#### [What you have to do]
Please give the lines below again exactly as they stand, from the one that contains "企业要以优质产品切实回应国家" up to and including the one that contains "Ochine 子供服 ノースリーブTシャツ&ショートパンツ", leaving all pictures out.

#### [Entries shown]
◇ ◇ ◇ ◇

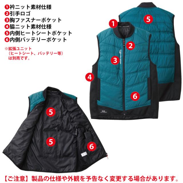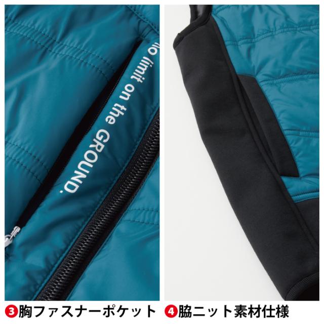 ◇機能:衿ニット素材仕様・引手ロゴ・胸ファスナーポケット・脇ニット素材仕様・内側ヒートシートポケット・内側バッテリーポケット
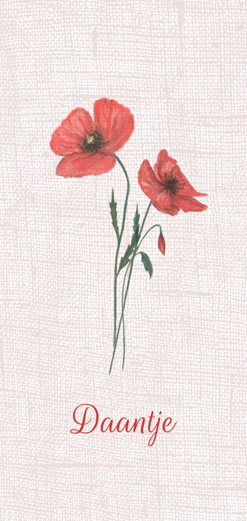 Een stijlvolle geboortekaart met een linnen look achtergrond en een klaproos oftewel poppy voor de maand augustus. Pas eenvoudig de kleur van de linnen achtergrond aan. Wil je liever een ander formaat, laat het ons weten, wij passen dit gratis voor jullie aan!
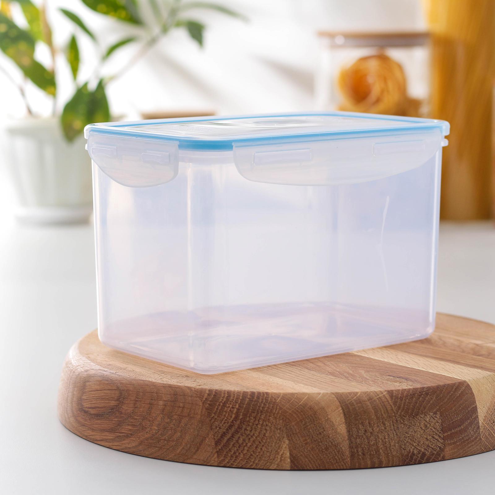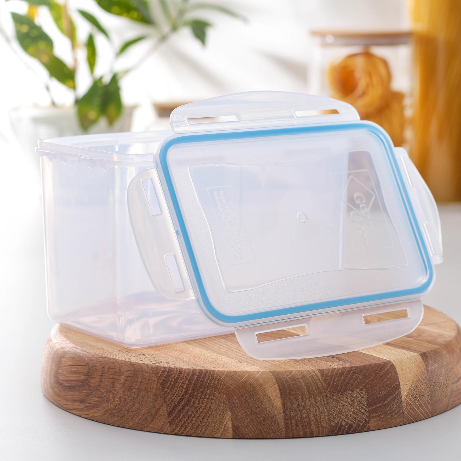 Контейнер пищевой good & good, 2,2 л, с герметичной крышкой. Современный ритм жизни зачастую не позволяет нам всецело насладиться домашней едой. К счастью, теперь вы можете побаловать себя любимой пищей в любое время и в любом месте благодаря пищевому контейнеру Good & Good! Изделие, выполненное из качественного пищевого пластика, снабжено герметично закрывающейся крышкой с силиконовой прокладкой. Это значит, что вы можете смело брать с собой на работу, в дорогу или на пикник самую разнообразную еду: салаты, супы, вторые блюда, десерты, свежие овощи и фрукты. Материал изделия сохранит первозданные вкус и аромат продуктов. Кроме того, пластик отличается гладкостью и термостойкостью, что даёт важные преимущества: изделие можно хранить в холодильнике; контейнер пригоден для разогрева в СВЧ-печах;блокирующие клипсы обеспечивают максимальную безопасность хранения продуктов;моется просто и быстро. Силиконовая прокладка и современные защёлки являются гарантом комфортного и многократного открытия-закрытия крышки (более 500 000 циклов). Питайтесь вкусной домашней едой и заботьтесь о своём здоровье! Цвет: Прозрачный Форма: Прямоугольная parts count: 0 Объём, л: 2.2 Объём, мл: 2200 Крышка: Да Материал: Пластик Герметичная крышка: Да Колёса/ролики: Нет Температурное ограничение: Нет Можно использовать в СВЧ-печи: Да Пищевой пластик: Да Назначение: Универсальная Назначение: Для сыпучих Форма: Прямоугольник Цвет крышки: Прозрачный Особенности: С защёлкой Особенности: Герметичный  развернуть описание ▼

◇ ◇ ◇ ◇

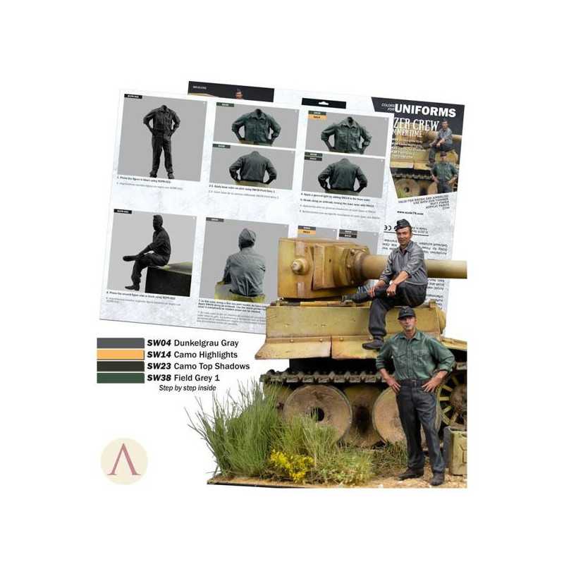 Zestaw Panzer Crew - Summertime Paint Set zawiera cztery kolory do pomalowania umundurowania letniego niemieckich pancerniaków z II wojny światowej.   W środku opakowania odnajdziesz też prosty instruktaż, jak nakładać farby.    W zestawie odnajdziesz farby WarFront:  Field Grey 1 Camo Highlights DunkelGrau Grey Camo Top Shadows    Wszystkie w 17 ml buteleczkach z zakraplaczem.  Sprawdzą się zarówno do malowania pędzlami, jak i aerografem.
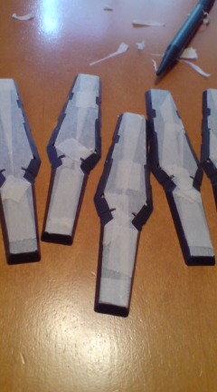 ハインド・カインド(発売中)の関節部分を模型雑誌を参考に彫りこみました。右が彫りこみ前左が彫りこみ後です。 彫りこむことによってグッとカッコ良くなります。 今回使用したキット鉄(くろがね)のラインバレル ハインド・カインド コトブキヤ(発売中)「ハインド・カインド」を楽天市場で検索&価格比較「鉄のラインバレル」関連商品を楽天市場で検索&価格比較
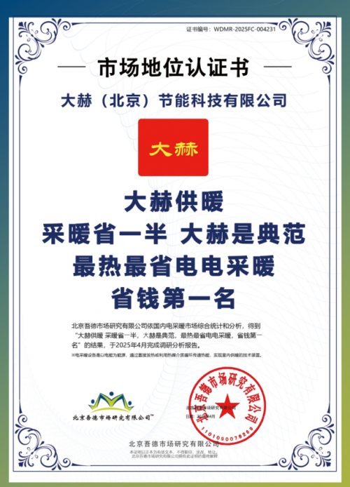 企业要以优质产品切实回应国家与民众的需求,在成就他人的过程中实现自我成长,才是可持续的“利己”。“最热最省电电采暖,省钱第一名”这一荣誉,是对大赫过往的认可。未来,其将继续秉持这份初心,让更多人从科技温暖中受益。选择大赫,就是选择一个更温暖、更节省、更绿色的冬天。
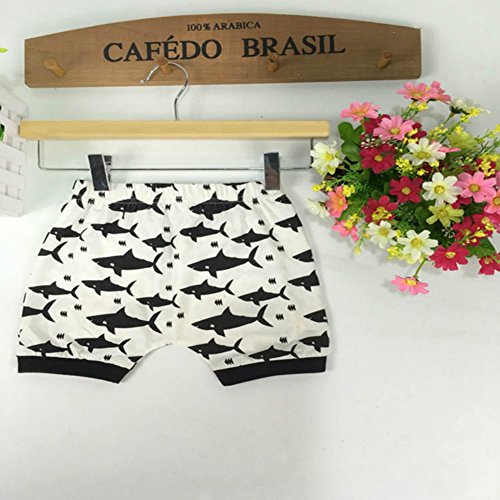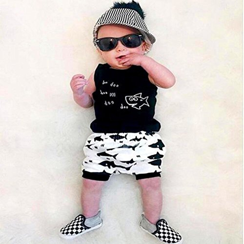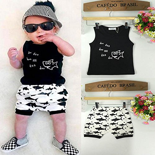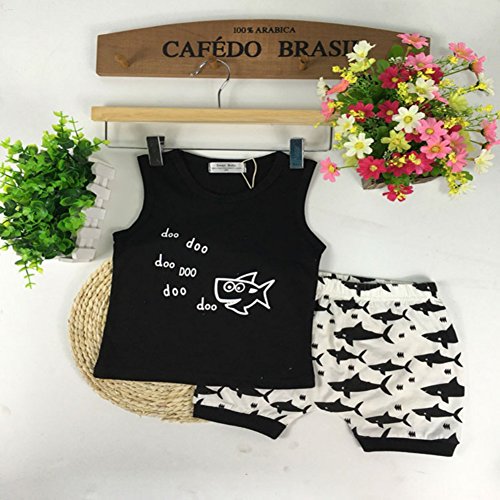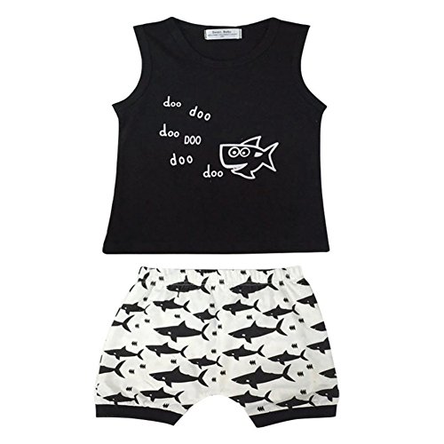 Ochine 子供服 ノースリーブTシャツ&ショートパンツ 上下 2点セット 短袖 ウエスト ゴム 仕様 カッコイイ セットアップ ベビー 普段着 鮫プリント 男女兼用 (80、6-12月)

◇ ◇ ◇ ◇

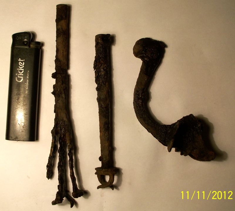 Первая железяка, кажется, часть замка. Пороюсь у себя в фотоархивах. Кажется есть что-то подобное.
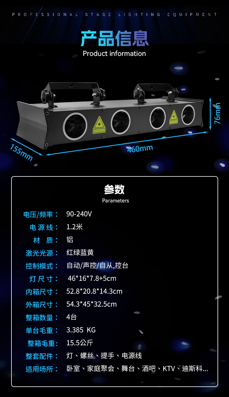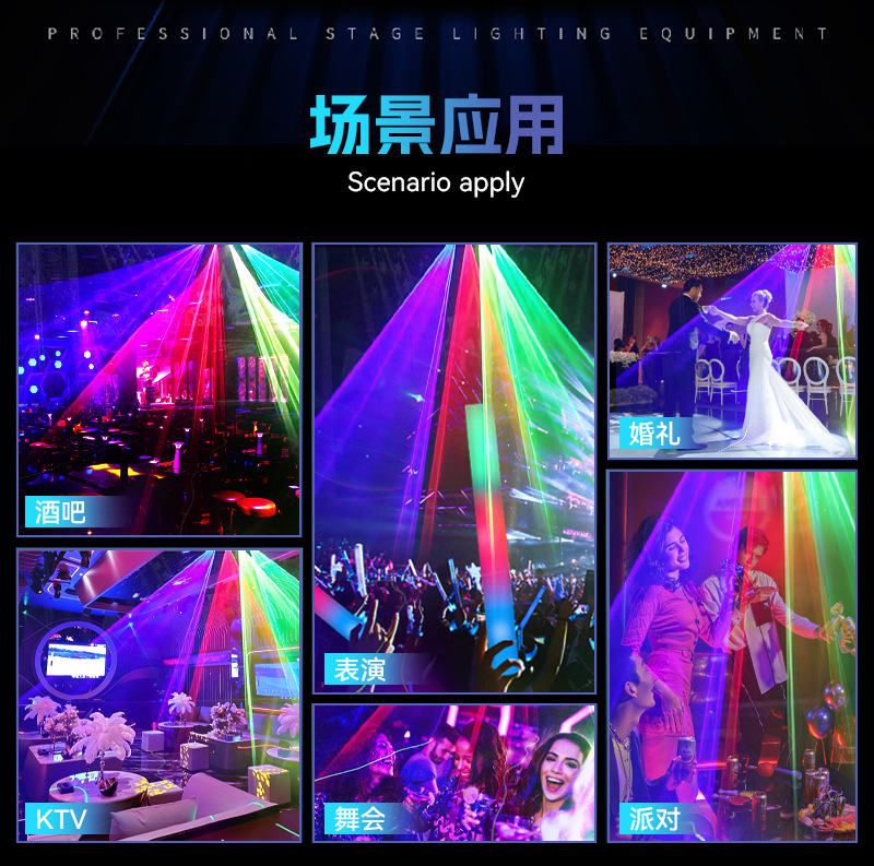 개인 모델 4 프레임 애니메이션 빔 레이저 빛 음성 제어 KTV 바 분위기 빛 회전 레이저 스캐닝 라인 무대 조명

◇ ◇ ◇ ◇

#### [Answer below]
 企业要以优质产品切实回应国家与民众的需求,在成就他人的过程中实现自我成长,才是可持续的“利己”。“最热最省电电采暖,省钱第一名”这一荣誉,是对大赫过往的认可。未来,其将继续秉持这份初心,让更多人从科技温暖中受益。选择大赫,就是选择一个更温暖、更节省、更绿色的冬天。
 Ochine 子供服 ノースリーブTシャツ&ショートパンツ 上下 2点セット 短袖 ウエスト ゴム 仕様 カッコイイ セットアップ ベビー 普段着 鮫プリント 男女兼用 (80、6-12月)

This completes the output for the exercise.